En 2009, L'Heureux avait suffisamment avancé sur l'adaptation de Hard Boiled pour commencer à rencontrer différents metteurs en scène potentiels, parmi lesquels le réalisateur français Louis Leterrier. Miller serait intervenu (d'une façon ou d'une autre) dans le processus créatif pour freiner la production de ce long-métrage, alors que lui et Darrow avaient alors reçu 250 000 dollars pour l'achat des droits. Une fois le film mort et enterré, l'ensemble de cette somme fut, bien entendu, restituée.
Les avocats de L'Heureux affirment que les ingérences de Miller seront prouvées pendant le procès, sans avancer de preuves particulières ou de témoignages précis pour le moment. Cela étant, comme le rapporte Deadline, le cas Hard Boiled serait manifestement le seul cas concret dans lequel L'Heureux aurait éventuellement pu être floué : l'annulation du projet de série télévisée Sin City serait en effet à mettre sur le compte de la banqueroute (historique) de la Weinstein Company après l'affaire Harvey Weinstein. Pour rappel, Miramax et Troublemaker, filiales de l'empire Weinstein, s'étaient chargés de la production des deux films Sin City, et la Weinstein Company avait assuré la distribution aux Etats-Unis.
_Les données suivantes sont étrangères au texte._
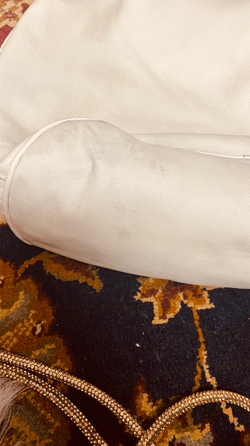 Here's a stylish Moschino shoulder bag made of white leather! It's got a unique design with gold accents and a comfortable shoulder strap. Great for adding a touch of elegance to any outfit
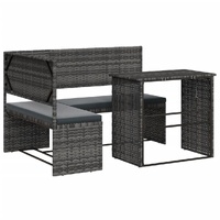 Garden Sofa with Table and Cushions L-Shaped Grey Poly Rattan
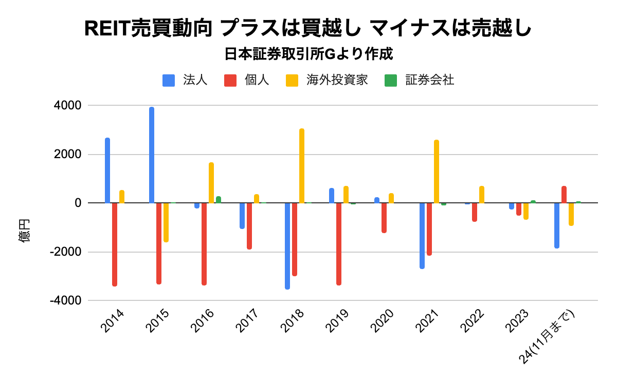 REIT指数の下落を理解する上で、投資家の需給動向も重要な視点です。
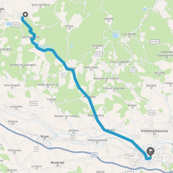 Tourner à droite sur D629 (Avenue de Ramel) et continuer sur 3,6 kilomètres
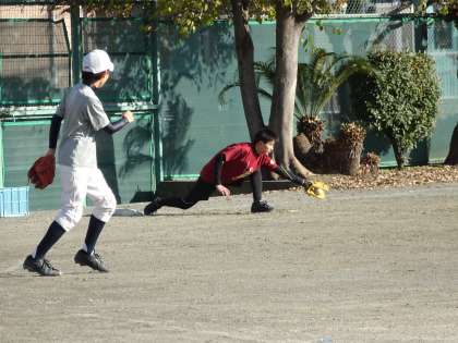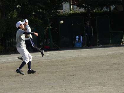 野球部が校庭で活動しています。ダブルプレーの練習をしています。相手の胸にきちんと送球しましょう。(遠藤)
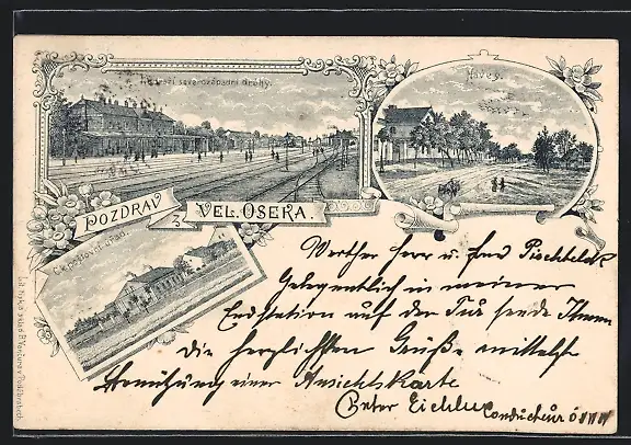 Lithographie Velky Osek, C. k. postovní úrad, Nádrazí severozápadní dráhy, Náves, Bahnhof
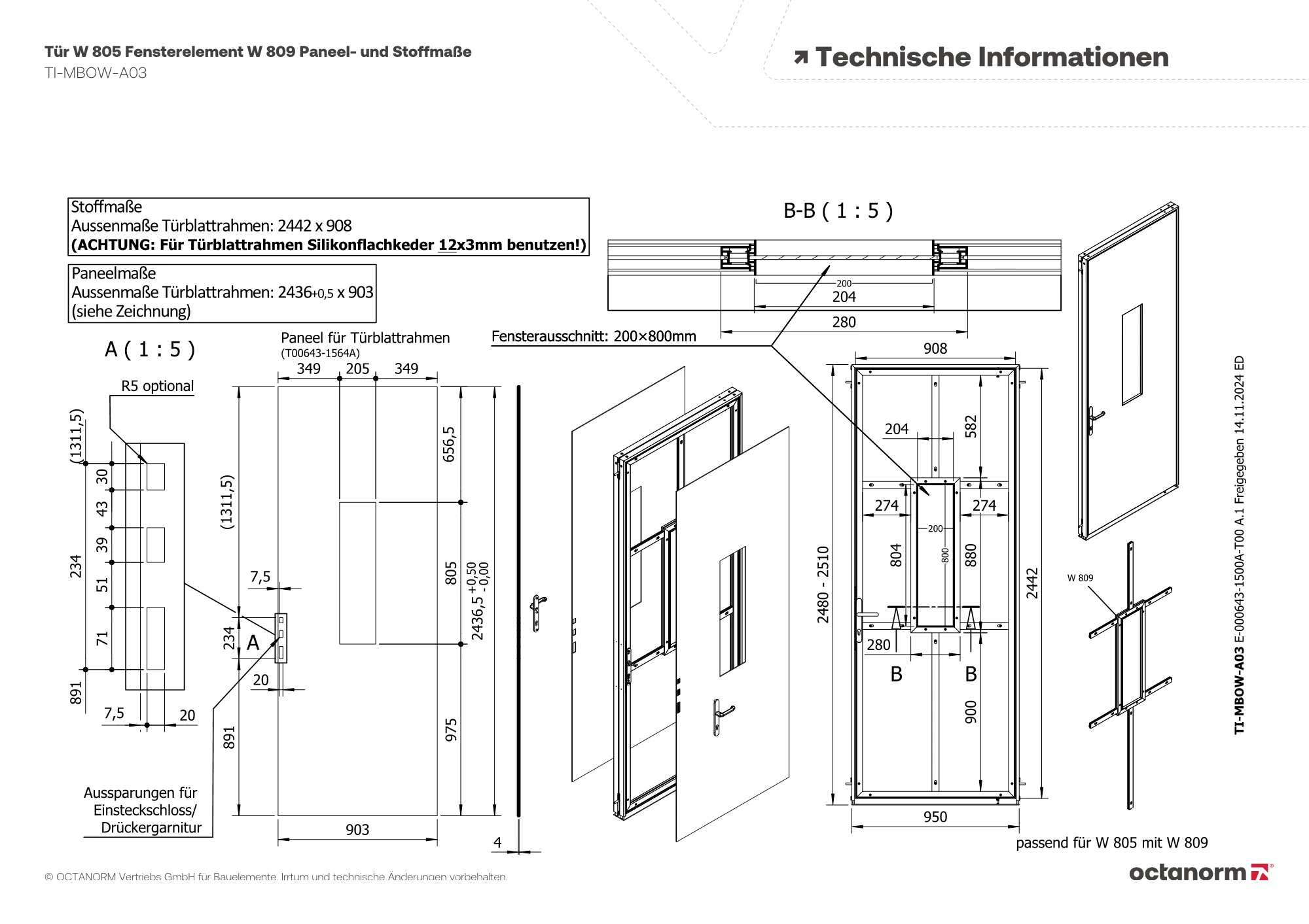 1 × Fensterelement aus W 906 für beidseitig Stoff/Paneel, zum nachträglichen Einbau in Türelement W 805, Fensterausschnitt: B 200 × H 800 mm

Pour peu que l'action en justice repose sur des faits concrets, on comprendrait mieux pourquoi l'adaptation de Hard Boiled n'a pas été en mesure de se monter - la découverte serait toutefois surprenante, attendu que Miller et Darrow eux-mêmes ont perdu de l'argent en renonçant à ce projet. Au-delà même des 250 000 dollars, les adaptations de comics ont aussi la capacité de pousser des bouquins sortis il y a longtemps, motiver des réimpressions tardives et promouvoir les artistes responsables, de la même manière que le premier film Sin City. Pour rappel, Miller et Darrow avaient accepté de signer avec Fox Kids pour proposer un dessin animé basé sur leur autre projet commun, Big Guy & Rusty the Boy Robot, les deux compères ne sont donc pas opposés à la récupération de leurs oeuvres par le cinéma ou la télévision, sur le principe.
Cela étant, si
Frank Miller a bien fait barrage à une adaptation de
Hard Boiled par
Louis Leterrier, en acceptant de renoncer aux brouzoufs promis en échange, on a envie de dire "merci papy", et qu'on ira racheter
l'édition Futuropolis de l'an prochain. Sans manquer de respect au metteur en scène de
L'Incroyable Hulk, à l'image de ces affreux projets de film
Akira à Hollywood, il y a simplement des choses auxquelles seuls les grands ont le droit de toucher. Pour l'heure, à la justice de trancher entre le producteur et l'auteur, en comprenant que ce procès pourrait bien foutre un
Miller de soixante-trois ans sur la paille en cas de défaite. Reste à espérer que le juge préfère le premier
Sin City au second.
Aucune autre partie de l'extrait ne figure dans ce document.